In Romagna, nel 2021 quasi 502 ettari (pari al 73,3% del consumo annuo di suolo regionale) erano stati cementificati in aree alluvionabili, eppure non è stata pronunciata una sola parola di assunzione di responsabilità, nessuna ammissione che le leggi urbanistiche che hanno consentito quei consumi di suolo, messe alla prova dei fatti, non hanno funzionato. Troppa protervia. L’umiltà di tornare sui propri passi non è un atto di debolezza da parte di chi governa, ma di saggia e lungimirante responsabilità. Nel turbinio di questi tempi moderni affollati di notizie, il rischio è di dimenticare presto sia le alluvioni, sia gli errori fatti su quei suoli, sia l’ostinazione dei decisori. Non possiamo permetterlo: una società smemorata perde in fretta la propria rotta. Il dovere della memoria ecologica è ogni giorno più urgente e richiede un paziente lavoro di ricucitura tra disastri e cause, tra rottura di equilibri fragili ed effetti. Un compito importante di cui qualcuno prima o poi si deve far carico. Al momento non sono i decisori politici a farlo, che ancora non comprendono la fondamentale funzione del suolo-ecosistema. Ma la capiscono sempre più i cittadini. E la riconosce anche la Corte dei conti, che nell’ottobre 2019 ha affermato in modo chiaro che esiste, ad esempio, una relazione certa tra consumo di suolo e dissesto idrogeologico […].

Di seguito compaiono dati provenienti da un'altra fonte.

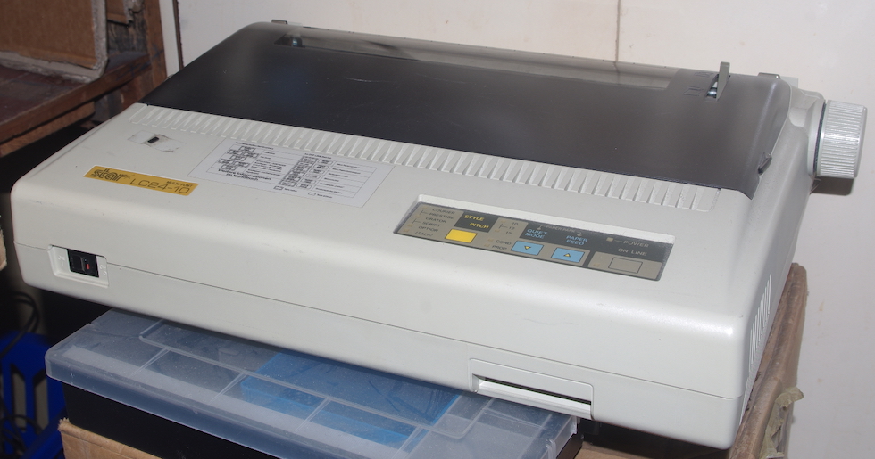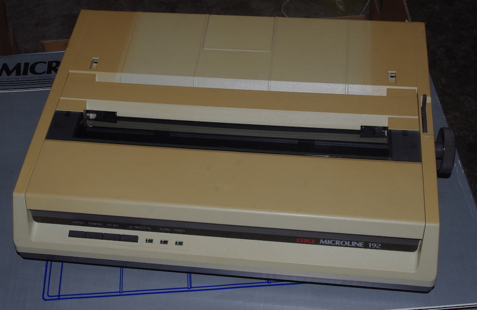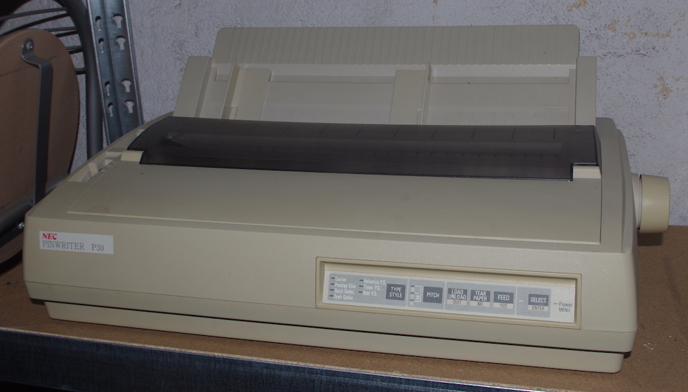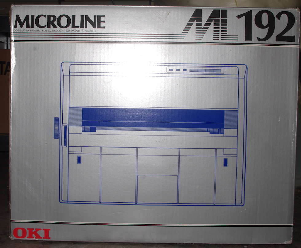 In Originalverpackung. Starke Vergilbungen, inkl. 2 Ersatzfarbbänder. |
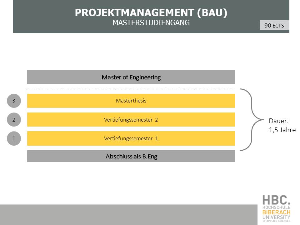 Flexibilität ist dir wichtig? Dann ist dieses Masterstudium wie gemacht für dich. Denn wir beschränken die Präsenztage im Masterstudiengang Projektmanagement (Bau) auf Mittwoch bis Samstag. Dadurch kannst du schon während deines Vollzeitstudiums wichtige praktische Erfahrungen sammeln und dein Master-Studium berufsbegleitend organisieren.
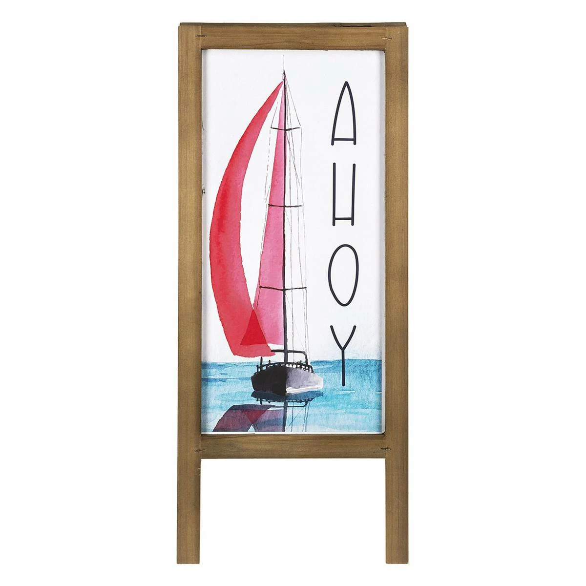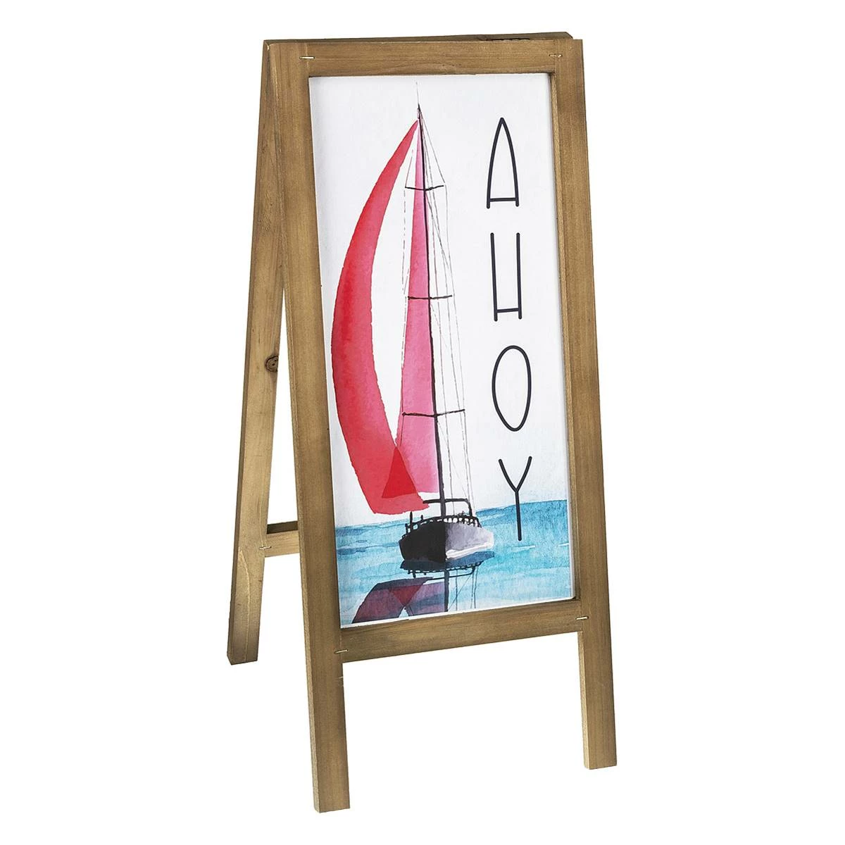 Add a touch of the sea shore to your home with the Ganz Ahoy sailboat easel wooden sign. Perfect for an entryway, as an accent piece in a beach-themed room, or on the patio.
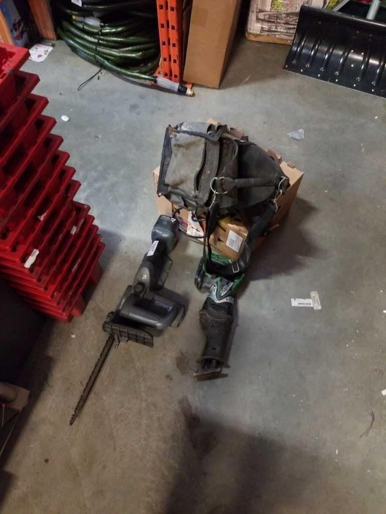 BOX OF TOOLS, CORDLESS HITACHI TOOLS - NO BATTERIES AND TOOL BAG
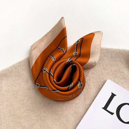 シルクスカーフプリント柄ネッカチーフファッション飾り何とでも合う気質小さなスカーフ
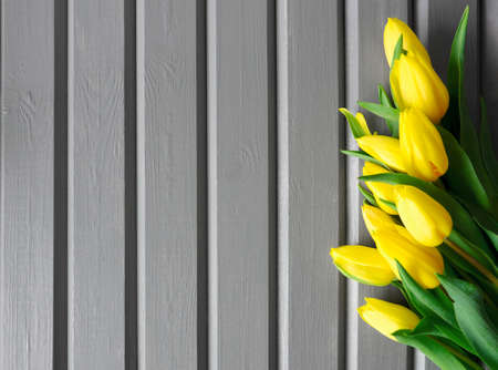 Yellow tulips bunch, bouquet, green leaves on side of gray wooden planks background.Copy space, horizontal banner.Season modern minimalistic design, trend color of the year 2021, cover for printed product.
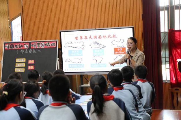 10月12日上午,老师们走进小学课堂,切身感受不同学段的思政课教学特色。前进小学陈艳静老师主讲五年级《道德与法治》上册第6课《我们神圣的国土》,生动精彩、思政味十足。她通过创设情境、小组展示、合作探究、阅读角等方式,引导学生自主学习了解关于中国国土,行政区划等知识,知道我国幅员辽阔,激发学生强烈的自豪感和政治认同感,启发学生明确维护祖国统一、人人有责。

Una deliberazione che pesa come un macigno sebbene sfugga ancora al legislatore nazionale e regionale, agli urbanisti e ai decisori locali che mai l’hanno citata, pronunciata nei discorsi pubblici, inserita nei documenti di piano. Altrettanto ignorata è la spesa pubblica che ogni consumo di suolo accende. Nel 2014 pubblicai una prima stima della spesa pubblica tedesca necessaria a compensare i danni inferti dal consumo di suoli e di vegetazione al ciclo dell’acqua: 6.500 euro all’anno per ogni ettaro che viene urbanizzato. Usando questa approssimazione in Italia, la spesa pubblica annuale per gestire l’acqua, che i suoli sigillati non trattengono più, ammonterebbe a circa quattordici miliardi di euro (la superficie urbanizzata è pari a 2.151.437 ettari, il 7,14% del territorio nazionale). Le più recenti valutazioni di ISPRA hanno dimezzato quella stima portandola a 7,8 miliardi totali, ai quali si dovrebbero però aggiungere altre spese per compensare le perdite di altre funzionalità del suolo. Sono i costi sociali/ambientali dell’urbanizzazione.
La città è un lusso, oggi più di ieri. Ogni volta che si urbanizza, piaccia o no, si incassa qualcosa ma si aggiunge, per sempre, una nuova voce alla già enorme lista dei costi comuni. Non è neppur vero che si incassa ad ogni impermeabilizzazione visto che per strade e tante opere pubbliche non vengono corrisposti oneri di urbanizzazione. Se smettessimo di consumare suolo, smetteremmo di aumentare anche la spesa pubblica. Per l’alluvione 2023 della Romagna la regione ha chiesto quasi dieci miliardi di euro allo Stato, più del costo del reddito di cittadinanza del 2022 nell’intero Paese. La Toscana ne ha chiesti quasi tre di miliardi, che pagheremo tutti. Si continua a rincorrere il danno ambientale a colpi di ristori e ripristini che durano anni, ma non si lavora abbastanza all’Unica Grande Opera (UGO) necessaria a questo Paese: la manutenzione del territorio per prevenire i dissesti idrogeologici. Questo sì che ci eviterebbe di esporci a supercosti emergenziali qua e là per il territorio, oltre a generare occupazione. Questo e altro potrebbe insegnarci la crisi ecologica, se solo cambiassimo il modo di vedere le cose.
Un estratto da Dalla parte del suolo. L’ecosistema invisibile di Paolo Pileri (Laterza, 2024).